Figure 18 compares the flow patterns for radial sections at two x distances from the domain inlet, i.e., within (\(x=3.54~d\)), and downstream (\(x=4.19~d\)) of the blades for the four recommended optimized inducers and the unoptimized inducer at \(Q/Q_{\text{opt}} = 1.5\). The five columns (left to right) represent the five inducers (ID - 2, 7, 4, 15, and the unoptimized inducer), while the two rows show two radial sections at different positions (at mid-length of the blades and downstream of the inducer blades). It is clearly seen that all the optimized inducers show only weak, sometimes barely visible vortices, while strong vortical structures appear near all blades of the unoptimized inducer. It is also worthwhile to note that using an inducer with 4 blades (ID - 7 and 15) can damp the vortex generation downstream of the blades. The reason is that the flow is more streamlined and better guided with an increase in the number of blades. In addition to the previous results, this visualization confirms that inducer 15 is the best individual at overload conditions.

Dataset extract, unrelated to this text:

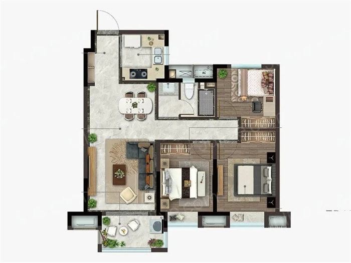 本次戶型屬于三室兩廳的構(gòu)造,從玄關(guān)處進(jìn)入便是客廳和餐廳,廚房位于餐廳的一側(cè)。往里走去便是走廊,走廊兩側(cè)分布著臥室和衛(wèi)生間,整體構(gòu)造清晰,格局分布透徹。

Table 6 Distance to the Utopia point for various conditions and inducer configurations
Fig. 17
figure 17

Performance curve comparison for the selected optimal individuals with the original unoptimized inducer

Fig. 18
figure 18

Velocity profiles for radial sections at two different x distances from the simulation domain inlet, i.e., within (\(x=3.54~d\)), and downstream (\(x=4.19~d\)) of the blades at overload conditions (\(Q/Q_{\text{opt}} = 1.5\))

4 Conclusions

A CFD-based multi-objective optimization was carried out for pump inducers to maximize simultaneously pressure head and efficiency. To ensure high performance for a wide flow range, the areas under the pressure and efficiency curves are considered as the two objective functions to be maximized. This is achieved by integrating the pressure and efficiency curves at three different normalized flow rates, i.e., \(Q/Q_{\text{opt}} = 0.8, 1.0\), and 1.5. All important geometrical parameters have been varied within wide ranges; axial blade length, blade sweep angle, blade pitch, hub taper angle, tip clearance gap, blade thickness at the hub, blade thickness at the tip, and the number of blades. The optimization process was done using an in-house optimization code with the efficient, multi-objective global optimization method NSGA-II. A total of 37 generations involving 5178 different CFD simulations have been needed for the optimization process. In the end, five optimal inducer configurations are obtained from the integrated data. Further, a single overall optimal design is proposed based on the integrated data (ID - 2 from Fig. 11) together with three other optimal inducer configurations at each considered flow condition. Analyzing all results, it is seen that a high hub taper angle with 3 blades should be used to maximize inducer performance; additionally, blade length, blade sweep angle, tip clearance gap, and blade thickness should be kept low.